The data: Begin

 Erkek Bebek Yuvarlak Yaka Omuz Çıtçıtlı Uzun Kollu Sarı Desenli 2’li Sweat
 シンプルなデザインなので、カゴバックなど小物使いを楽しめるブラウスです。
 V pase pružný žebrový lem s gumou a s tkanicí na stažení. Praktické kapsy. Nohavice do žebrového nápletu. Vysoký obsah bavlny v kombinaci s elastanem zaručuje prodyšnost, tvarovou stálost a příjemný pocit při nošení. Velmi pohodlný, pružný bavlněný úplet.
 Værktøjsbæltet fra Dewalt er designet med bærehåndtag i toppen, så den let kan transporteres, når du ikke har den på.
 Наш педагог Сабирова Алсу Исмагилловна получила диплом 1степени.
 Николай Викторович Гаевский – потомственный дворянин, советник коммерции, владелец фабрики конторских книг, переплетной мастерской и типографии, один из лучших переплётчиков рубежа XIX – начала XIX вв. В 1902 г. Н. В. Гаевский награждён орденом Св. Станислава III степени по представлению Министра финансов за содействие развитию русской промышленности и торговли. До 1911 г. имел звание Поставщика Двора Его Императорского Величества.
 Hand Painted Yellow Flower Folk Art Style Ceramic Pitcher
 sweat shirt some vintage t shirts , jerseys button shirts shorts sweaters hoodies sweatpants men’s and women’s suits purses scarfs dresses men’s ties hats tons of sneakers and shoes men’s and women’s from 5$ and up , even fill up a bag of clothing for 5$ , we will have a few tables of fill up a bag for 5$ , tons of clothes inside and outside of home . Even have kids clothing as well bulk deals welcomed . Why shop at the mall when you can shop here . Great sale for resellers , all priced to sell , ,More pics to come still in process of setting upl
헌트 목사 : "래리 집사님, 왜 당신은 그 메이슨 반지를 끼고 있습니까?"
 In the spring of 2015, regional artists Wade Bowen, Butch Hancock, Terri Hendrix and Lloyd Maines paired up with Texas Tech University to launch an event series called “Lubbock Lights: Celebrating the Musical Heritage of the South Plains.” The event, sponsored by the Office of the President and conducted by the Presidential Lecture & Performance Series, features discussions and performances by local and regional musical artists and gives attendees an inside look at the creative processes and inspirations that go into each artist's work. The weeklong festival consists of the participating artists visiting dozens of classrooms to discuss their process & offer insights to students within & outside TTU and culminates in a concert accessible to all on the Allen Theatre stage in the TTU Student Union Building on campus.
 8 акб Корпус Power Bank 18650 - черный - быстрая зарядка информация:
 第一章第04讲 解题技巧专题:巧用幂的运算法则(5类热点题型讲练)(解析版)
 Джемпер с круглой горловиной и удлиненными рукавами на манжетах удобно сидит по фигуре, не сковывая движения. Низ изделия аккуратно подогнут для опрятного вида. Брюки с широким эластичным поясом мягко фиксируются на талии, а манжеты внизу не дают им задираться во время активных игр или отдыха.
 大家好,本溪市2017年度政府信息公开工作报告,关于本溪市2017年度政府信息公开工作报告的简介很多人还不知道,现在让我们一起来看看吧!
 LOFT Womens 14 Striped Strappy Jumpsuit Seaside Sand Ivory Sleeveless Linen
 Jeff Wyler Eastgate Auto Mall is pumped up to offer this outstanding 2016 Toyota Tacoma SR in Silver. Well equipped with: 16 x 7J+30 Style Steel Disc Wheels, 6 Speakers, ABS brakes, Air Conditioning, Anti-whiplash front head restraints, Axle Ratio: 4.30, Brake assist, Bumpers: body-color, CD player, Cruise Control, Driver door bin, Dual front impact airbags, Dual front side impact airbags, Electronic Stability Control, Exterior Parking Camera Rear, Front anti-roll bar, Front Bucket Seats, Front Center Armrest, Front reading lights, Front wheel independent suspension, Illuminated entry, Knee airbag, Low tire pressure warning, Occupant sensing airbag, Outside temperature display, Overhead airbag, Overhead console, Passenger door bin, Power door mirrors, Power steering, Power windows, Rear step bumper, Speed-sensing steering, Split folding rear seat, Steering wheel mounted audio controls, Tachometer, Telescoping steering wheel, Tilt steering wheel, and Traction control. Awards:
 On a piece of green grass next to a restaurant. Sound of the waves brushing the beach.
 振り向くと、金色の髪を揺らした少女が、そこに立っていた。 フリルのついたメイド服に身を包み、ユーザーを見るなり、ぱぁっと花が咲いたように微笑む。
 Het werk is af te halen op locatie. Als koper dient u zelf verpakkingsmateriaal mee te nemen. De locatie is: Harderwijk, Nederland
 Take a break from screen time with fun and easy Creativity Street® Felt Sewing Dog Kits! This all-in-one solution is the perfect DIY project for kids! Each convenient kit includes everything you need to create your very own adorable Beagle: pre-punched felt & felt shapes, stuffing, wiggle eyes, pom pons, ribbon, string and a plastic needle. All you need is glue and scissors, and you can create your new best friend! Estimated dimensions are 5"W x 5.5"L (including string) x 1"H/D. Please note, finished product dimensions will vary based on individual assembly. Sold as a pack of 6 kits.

The data: End

- _What is needed_: Word for word, copy out the data.

- _Answer section_:
 Erkek Bebek Yuvarlak Yaka Omuz Çıtçıtlı Uzun Kollu Sarı Desenli 2’li Sweat
 シンプルなデザインなので、カゴバックなど小物使いを楽しめるブラウスです。
 V pase pružný žebrový lem s gumou a s tkanicí na stažení. Praktické kapsy. Nohavice do žebrového nápletu. Vysoký obsah bavlny v kombinaci s elastanem zaručuje prodyšnost, tvarovou stálost a příjemný pocit při nošení. Velmi pohodlný, pružný bavlněný úplet.
 Værktøjsbæltet fra Dewalt er designet med bærehåndtag i toppen, så den let kan transporteres, når du ikke har den på.
 Наш педагог Сабирова Алсу Исмагилловна получила диплом 1степени.
 Николай Викторович Гаевский – потомственный дворянин, советник коммерции, владелец фабрики конторских книг, переплетной мастерской и типографии, один из лучших переплётчиков рубежа XIX – начала XIX вв. В 1902 г. Н. В. Гаевский награждён орденом Св. Станислава III степени по представлению Министра финансов за содействие развитию русской промышленности и торговли. До 1911 г. имел звание Поставщика Двора Его Императорского Величества.
 Hand Painted Yellow Flower Folk Art Style Ceramic Pitcher
 sweat shirt some vintage t shirts , jerseys button shirts shorts sweaters hoodies sweatpants men’s and women’s suits purses scarfs dresses men’s ties hats tons of sneakers and shoes men’s and women’s from 5$ and up , even fill up a bag of clothing for 5$ , we will have a few tables of fill up a bag for 5$ , tons of clothes inside and outside of home . Even have kids clothing as well bulk deals welcomed . Why shop at the mall when you can shop here . Great sale for resellers , all priced to sell , ,More pics to come still in process of setting upl
헌트 목사 : "래리 집사님, 왜 당신은 그 메이슨 반지를 끼고 있습니까?"
 In the spring of 2015, regional artists Wade Bowen, Butch Hancock, Terri Hendrix and Lloyd Maines paired up with Texas Tech University to launch an event series called “Lubbock Lights: Celebrating the Musical Heritage of the South Plains.” The event, sponsored by the Office of the President and conducted by the Presidential Lecture & Performance Series, features discussions and performances by local and regional musical artists and gives attendees an inside look at the creative processes and inspirations that go into each artist's work. The weeklong festival consists of the participating artists visiting dozens of classrooms to discuss their process & offer insights to students within & outside TTU and culminates in a concert accessible to all on the Allen Theatre stage in the TTU Student Union Building on campus.
 8 акб Корпус Power Bank 18650 - черный - быстрая зарядка информация:
 第一章第04讲 解题技巧专题:巧用幂的运算法则(5类热点题型讲练)(解析版)
 Джемпер с круглой горловиной и удлиненными рукавами на манжетах удобно сидит по фигуре, не сковывая движения. Низ изделия аккуратно подогнут для опрятного вида. Брюки с широким эластичным поясом мягко фиксируются на талии, а манжеты внизу не дают им задираться во время активных игр или отдыха.
 大家好,本溪市2017年度政府信息公开工作报告,关于本溪市2017年度政府信息公开工作报告的简介很多人还不知道,现在让我们一起来看看吧!
 LOFT Womens 14 Striped Strappy Jumpsuit Seaside Sand Ivory Sleeveless Linen
 Jeff Wyler Eastgate Auto Mall is pumped up to offer this outstanding 2016 Toyota Tacoma SR in Silver. Well equipped with: 16 x 7J+30 Style Steel Disc Wheels, 6 Speakers, ABS brakes, Air Conditioning, Anti-whiplash front head restraints, Axle Ratio: 4.30, Brake assist, Bumpers: body-color, CD player, Cruise Control, Driver door bin, Dual front impact airbags, Dual front side impact airbags, Electronic Stability Control, Exterior Parking Camera Rear, Front anti-roll bar, Front Bucket Seats, Front Center Armrest, Front reading lights, Front wheel independent suspension, Illuminated entry, Knee airbag, Low tire pressure warning, Occupant sensing airbag, Outside temperature display, Overhead airbag, Overhead console, Passenger door bin, Power door mirrors, Power steering, Power windows, Rear step bumper, Speed-sensing steering, Split folding rear seat, Steering wheel mounted audio controls, Tachometer, Telescoping steering wheel, Tilt steering wheel, and Traction control. Awards:
 On a piece of green grass next to a restaurant. Sound of the waves brushing the beach.
 振り向くと、金色の髪を揺らした少女が、そこに立っていた。 フリルのついたメイド服に身を包み、ユーザーを見るなり、ぱぁっと花が咲いたように微笑む。
 Het werk is af te halen op locatie. Als koper dient u zelf verpakkingsmateriaal mee te nemen. De locatie is: Harderwijk, Nederland
 Take a break from screen time with fun and easy Creativity Street® Felt Sewing Dog Kits! This all-in-one solution is the perfect DIY project for kids! Each convenient kit includes everything you need to create your very own adorable Beagle: pre-punched felt & felt shapes, stuffing, wiggle eyes, pom pons, ribbon, string and a plastic needle. All you need is glue and scissors, and you can create your new best friend! Estimated dimensions are 5"W x 5.5"L (including string) x 1"H/D. Please note, finished product dimensions will vary based on individual assembly. Sold as a pack of 6 kits.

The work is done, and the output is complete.